Apache Beam Documentation
This section provides in-depth conceptual information and reference material for the Beam Model, SDKs, and Runners:
Learn about the Beam Programming Model and the concepts common to all Beam SDKs and Runners.
- The Programming Guide introduces all the key Beam concepts.
- Learn about Beam’s execution model to better understand how pipelines execute.
- Visit Additional Resources for some of our favorite articles and talks about Beam.

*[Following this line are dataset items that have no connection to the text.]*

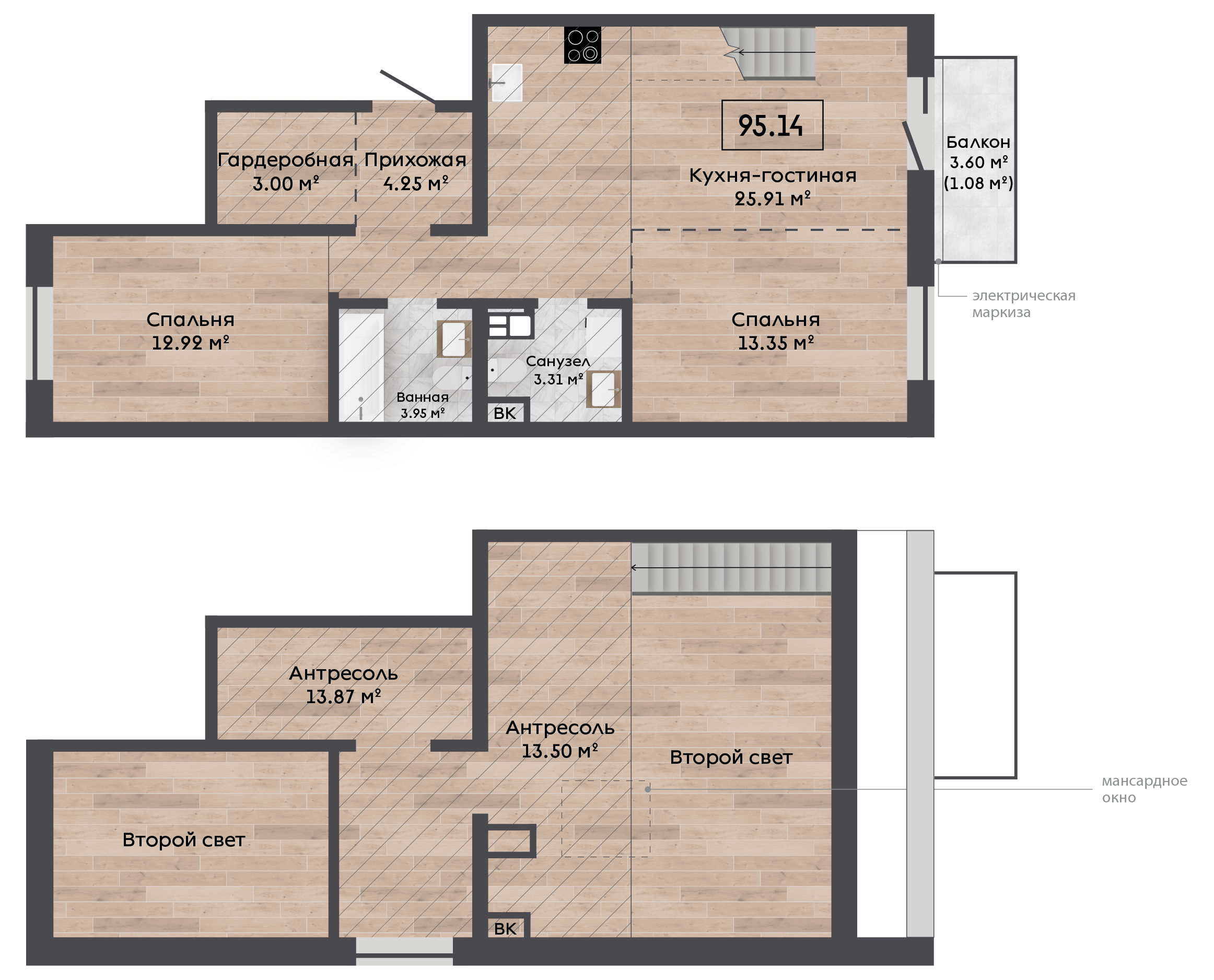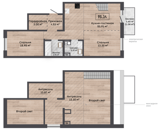 | 95,14 м² Площадь квартиры | до 7,19 м Высота потолков | 500 мм Высота подоконной части |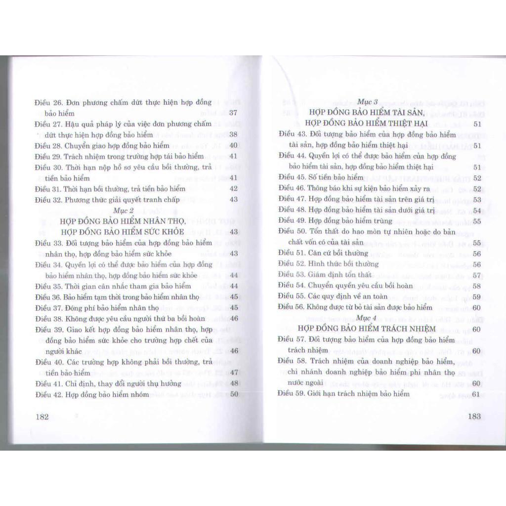 Mua tại TiktokSách - Luật Kinh Doanh Bảo Hiểm Tác giả: Quốc Hội Nhà xuất bản: Chính Trị Quốc Gia Sự Thật Khổ sách: 13x19cm Phát hành: 2022 Công ty phát hành: Nhà sách Tư Pháp Giá bìa: 52.000 đ Số trang: 192 trang Hình thức bìa: Bìa mềm Luật Kinh Doanh Bảo Hiểm số 08/2022/QH15 đã được Quốc Hội thông qua ngày 16 tháng 6 năm 2022 ( Luật này có hiệu lực từ ngày 01 -01 -2023)
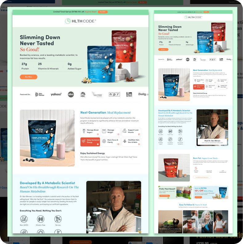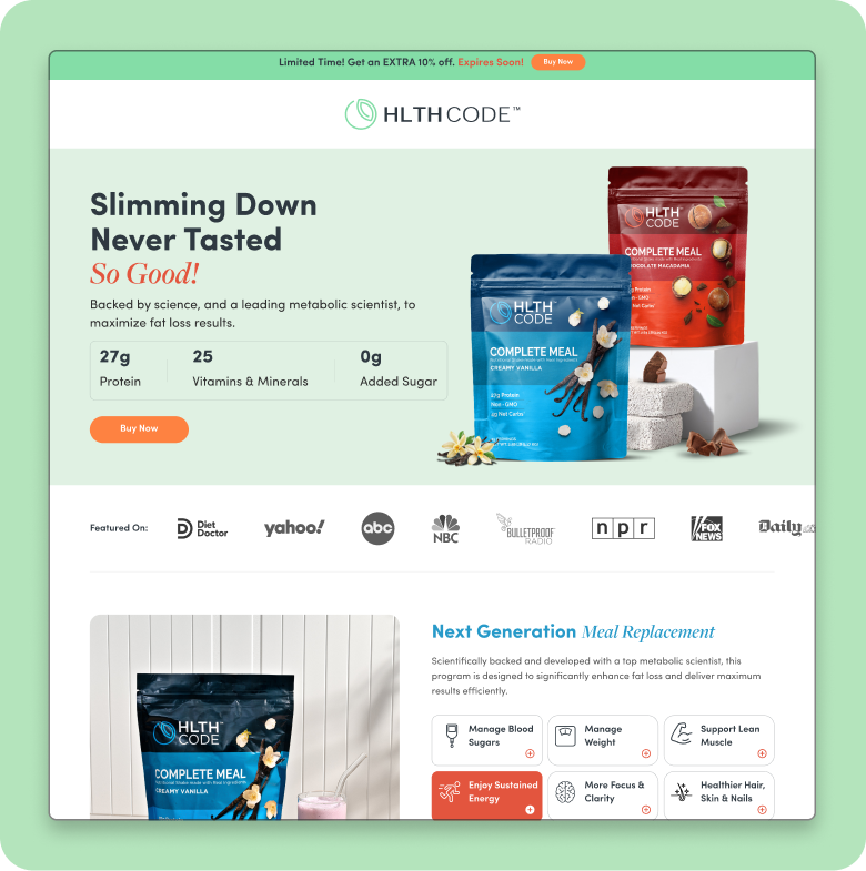 HLTH Code delivers balanced, science-backed meal replacements supporting holistic optimal health, weight management, and daily nutrition.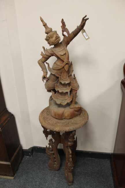 A carved eastern occasional table with hardwood deity figure, height 134 cm. (2)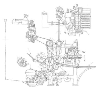 At Greenwich, Laurence York, under the direction of Simon Herron, displayed a similar hand, imagining fragments of London becoming cancerous with mechanical equipment spilling out from its hiding places to compete with the city’s columns, pediments, and traffic. The drawings had a messy logic to them that made you almost believe his crazy ideas. His thesis proposal was for a new bank for the Commonwealth countries, which would evidence itself as an enclosed garden on the site of the National Gallery’s ill-conceived Venturi Scott Brown and Associates–designed addition. The bankers were to regain sanity there, while the actual work took place underground, unless there was a dispute between countries, in which case a tower would push up through the garden, enclosing the disputants until they came to agreement.

- Design Your Pipeline by planning your pipeline’s structure, choosing transforms to apply to your data, and determining your input and output methods.
- Create Your Pipeline using the classes in the Beam SDKs.
- Test Your Pipeline to minimize debugging a pipeline’s remote execution.
Find status and reference information on all of the available Beam SDKs.
A Beam Runner runs a Beam pipeline on a specific (often distributed) data processing system.
- DirectRunner: Runs locally on your machine – great for developing, testing, and debugging.
- ApexRunner: Runs on Apache Apex.
- FlinkRunner: Runs on Apache Flink.
- SparkRunner: Runs on Apache Spark.
- DataflowRunner: Runs on Google Cloud Dataflow, a fully managed service within Google Cloud Platform.
- GearpumpRunner: Runs on Apache Gearpump (incubating).
- SamzaRunner: Runs on Apache Samza.
Choosing a Runner
Beam is designed to enable pipelines to be portable across different runners. However, given every runner has different capabilities, they also have different abilities to implement the core concepts in the Beam model. The Capability Matrix provides a detailed comparison of runner functionality.
Once you have chosen which runner to use, see that runner’s page for more information about any initial runner-specific setup as well as any required or optional
PipelineOptions for configuring it’s execution. You may also want to refer back to the Quickstart for Java, Python or Go for instructions on executing the sample WordCount pipeline.